At the time of its formation, Dave Schlabach was the sole member of the new limited liability corporation. Prior to the termination of the sole proprietorship, Schlabach made no arrangements regarding the debt owed to Plaintiff. Although Schlabach remained liable for the obligation, there remained no significant assets upon which any judgment could be executed. Defendants indicate that the real property upon which both businesses were conducted was held by Dave Schlabach in joint tenancy with his wife. All of the income-generating assets had become part of the new corporation. As the sole member of the limited liability corporation, Schlabach had the power to control the financial benefits and profits afforded by the new corporation; however, those profits remained beyond the reach of the creditors of the sole proprietorship due to the manner in which they were titled or because they were tied up in the corporation. We believe these circumstances justified our findings with regard to successor liability and that Dave’s Metal Roofing, LLC was properly added as a Defendant to this action. Thus, we find no error in our grant of Plaintiff’s Motion to Amend.

Defendants also argue that we erred in failing to find that they had not been credited with over $199,000.00 in payments in 2008. As noted by Plaintiff, Defendants appear to have abandoned that argument as they failed to address this issue in their Brief. However, we will briefly address this contention.

At the bench trial, Defendants’ expert, Derek Wolfganger, testified that Defendants’ payments from March, April, May, August and September of 2008 totaling $199,732.45 did not appear on any billing statements.

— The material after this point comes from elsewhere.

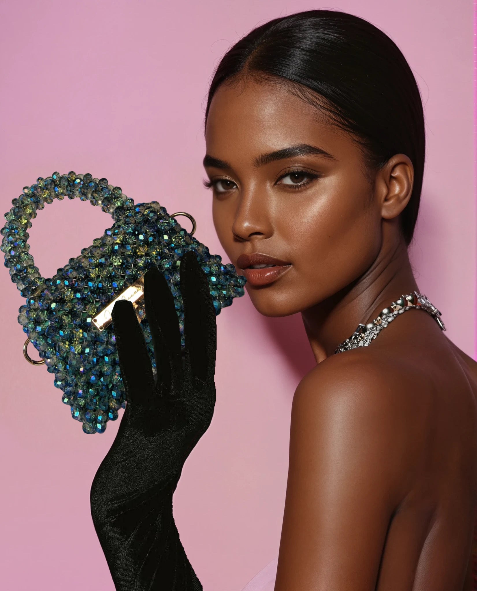 Stylish, elegant and high quality, that’s how you can describe the Florencia. The collection is made of top quality Czech glass beads. The applications are gold, which gives the bags a luxurious look.
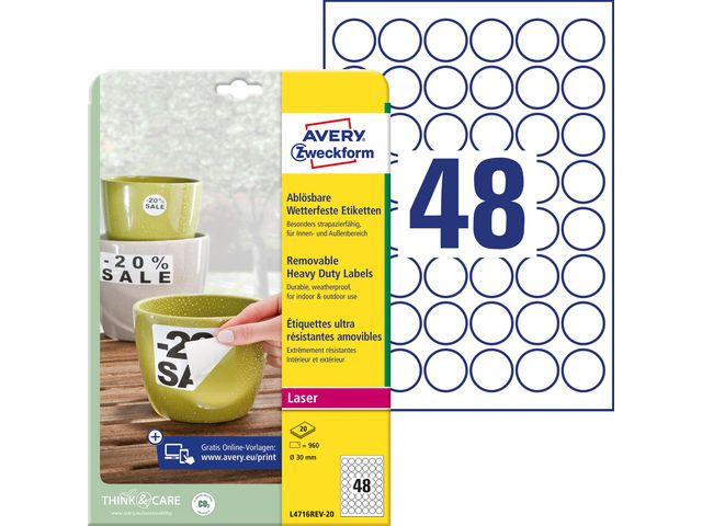 Den höga papperskvaliteten ger vackra och skarpa utskrifter. Averys avtagbara, slitstarka etiketter passar bra när du tillfälligt behöver hållbar märkning av olika föremål. Eller för skyltning utomhus där informationen bara gäller under en kortare tid och etiketten därefter enkelt ska kunna tas bort utan att använda lösningsmedel. Avery avtagbara, slitstarka etiketter uppfyller båda kraven. Etiketterna är tillverkade i ett slitstarkt och hållbart polyestermaterial som inte kan rivas sönder. Etiketterna klarar olja, smuts, vatten, fukt, UV-strålning och temperaturer från -20 °C till +80 °C, vilket gör etiketterna perfekta för utomhusbruk i alla väder och inomhusbruk i miljöer som kräver hög hållbarhet. Dessutom är etiketterna tillverkade med ett klister som gör etiketten avtagbar utan att det lämnar märken av limrester eller märken efter etiketten. Användningsområdena är oändliga, passar bland annat perfekt för handelsträdgårdar och plantskolor med mera, för prisskyltning, blomsterbehållare och andra utomhusskyltar. För lagerändamål som märkning av hyllkanter, lådor, boxar osv. Marknadsföringsmaterial för utomhusskyltning som ändras regelbundet mm. Avery L4716REV-20 avtagbara, slitstarka etiketter med 48 runda etiketter/ark och 960 runda etiketter/pkt med etikettmått Ø 30 mm. Etiketternas storlek är avsedd för mindre föremål. Etiketterna kan skrivas ut med alla laserskrivare och färglaserskrivare. Den höga papperskvaliteten ger vackra och skarpa utskrifter. Averys JamFREE?-garanti säkerställer dessutom att du inte behöver bekymra dig för om etiketterna fastnar i skrivaren och orsakar stopp. Du kan enkelt - och helt gratis - designa och skriva ut dina Avery-produkter med vår mjukvara Avery Design & Print, som innehåller mallar, grafik och designmöjligheter. Läs mer om mjukvaran här: www.avery.se/programvara - Antal: 960/fp

Wolfganger reasoned that because the payments were not reflected on any of the statements, they were not credited to Defendants’ account balance.

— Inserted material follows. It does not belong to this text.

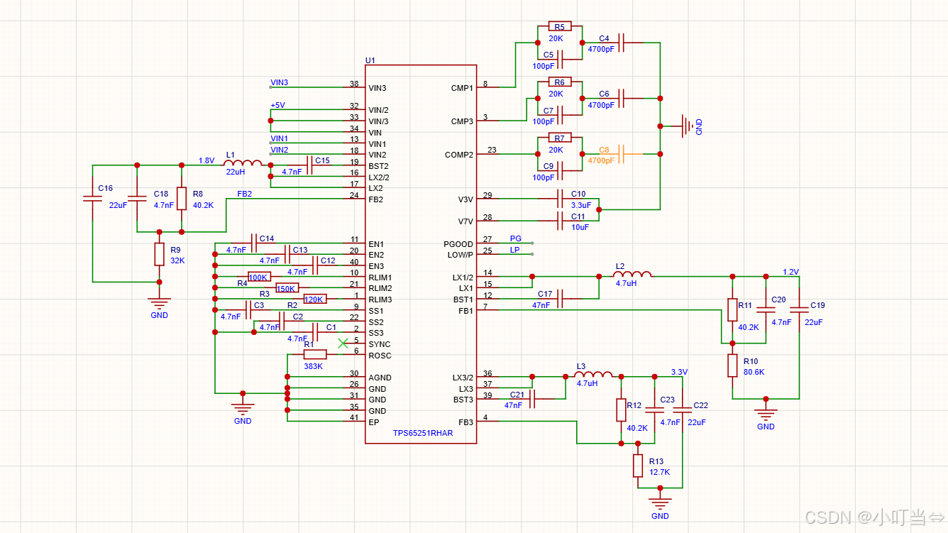 补偿、ROSC 等敏感小信号元件尽量靠近芯片,走线短。

This testimony highlighted one of the problems created by Plaintiff’s computerized billing system and the manner in which Defendants’ payments were handled on billing statements. As we noted in the discussion section of the Verdict, at the first portion of the bench trial on February 27, 2014, Plaintiff’s representatives stated that all payments would have been indicated on the billing statements, yet they acknowledged that the figures contained on the billing statements did not add up to the amount claimed to be the unpaid balance of the account. After it became apparent that some payments were not reflected on any of the billing statements, Plaintiff’s Chief Financial Officer, Carl Smith, conducted a review of all of the invoices issued to Defendants applied against all of the payments received and arrived at the figure of $153,516.99. He found no overpayment.

Smith explained that Wolfganger’s analysis was incorrect because payments were usually applied to the oldest outstanding invoice and would not necessarily appear on a billing statement, depending on what invoice they were applied against. This system led Wolfganger to believe that various payments had not actually been applied against the amount owed, when they had actually been applied to an invoice which did not appear on a particular billing statement. Smith pointed out other flaws with Wolfganger’s analysis such as giving double credit when Defendants’ checks were returned for insufficient funds and a second check would be issued by Defendants. We believe that this testimony, along with the documentation submitted by Plaintiff, supports our determination that $153,516.99 was the correct amount of the amount owed by Defendant on this account.

For these reasons, we will deny Defendants’ Post-Trial Motions and enter an appropriate Order.

1) Christy Hostettler became a 25 percent member of the limited liability corporation in 2013. However, as previously noted, he was an employee prior to that time.